The Moore Street buildings are 10 and 20/21 Moore Street and the walls between 12 and 13 Moore Street which show evidence of infilled “creep holes” used during the Rising for access between buildings on the terrace. Off Moore Street, the listing is recommended for the ground floor facades of 17-18 Henry Place and the O’Brien’s Mineral Water Building at 4-8 Henry Place, which was of historical significance due to its “direct connection with the events of the 1916 Rising and its occupation following the evacuation from the GPO”.
In submissions on the proposed listing, representatives of Hammerson said it would be “inappropriate and unlawful” to interfere with its pending applications by adding the buildings to the RPS. An Bord Pleanála was “the exclusive independent forum within which the merits of these issues are to be resolved”, they said.

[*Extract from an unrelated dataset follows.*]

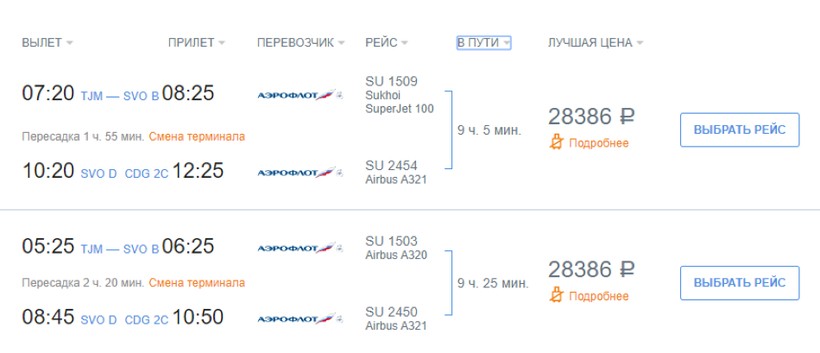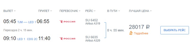 Крупнейший российский перевозчик летает в Париж со стыковками в Москве или Санкт-Петербурге. У него удобное расписание, есть много вылетов. Быстрее всего добираться транзитом через московский аэропорт Шереметьево, тогда продолжительность полета может составлять всего 9 часов!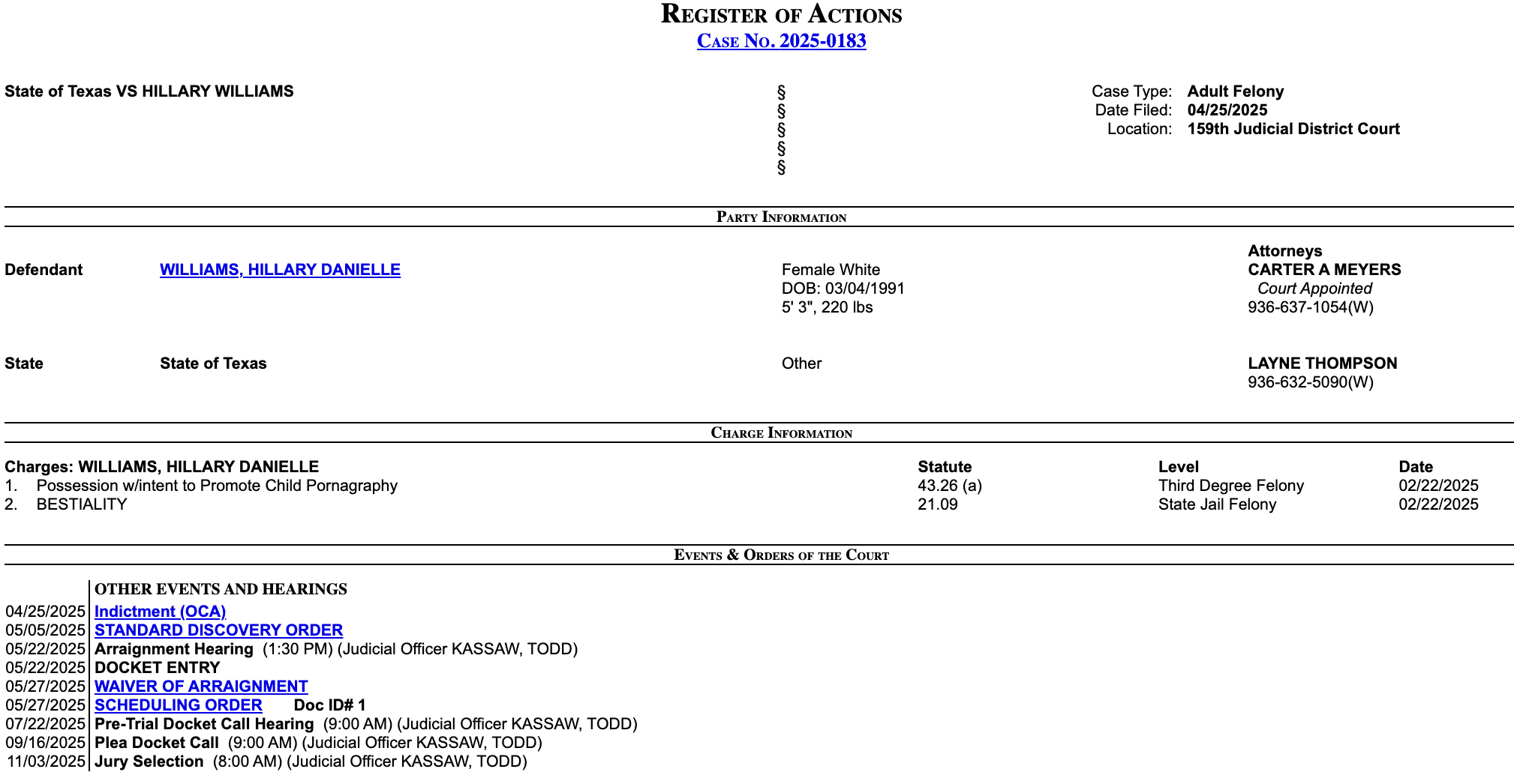 Authorities alleged Williams and her boyfriend had sexually explicit images of an elementary school-age child and video of Williams performing a sexual act on a male dog on their phones. The couple claimed they had been victims of childhood sexual abuse.

“It would be fundamentally at variance with proper planning for the council to prejudice or attempt to exert influence on the outcome of pending planning process (of the board) by proposing to add these structures to the RPS at this particular time,” according to the planning and legal submissions.
“Major investment in the regeneration project was made in reliance on planning history, including the extant permission, and the long-standing strong policy, within relevant development plans favouring regeneration of these lands,” they said.
‘Time limitation’
They added: “No real effort was made to protect the buildings until after the submission of the planning applications. The council never before considered these interests worthy enough to merit inclusion on the RPS.”
In response, the council said it was of the opinion it was not precluded from adding a building to the RPS while there were “pending” planning applications. “Indeed, the planning authority may add a structure where it deems it ‘necessary or desirable’ and is not bound by any time limitation.”
There was, it said, a “long-standing and historic interest in considering the protection of 1916 buildings located on Henry Place and Moore Street”.
Meanwhile, an emergency motion urging Lord Mayor Caroline Conroy not to cancel the live-animal crib outside the Mansion House will be tabled by Fine Gael at the meeting.
Ms Conroy last month announced the crib, which has been erected at Christmas outside the Manion House on Dawson Street since 1995, would be stood down this year to be replaced with a more “inclusive” experience.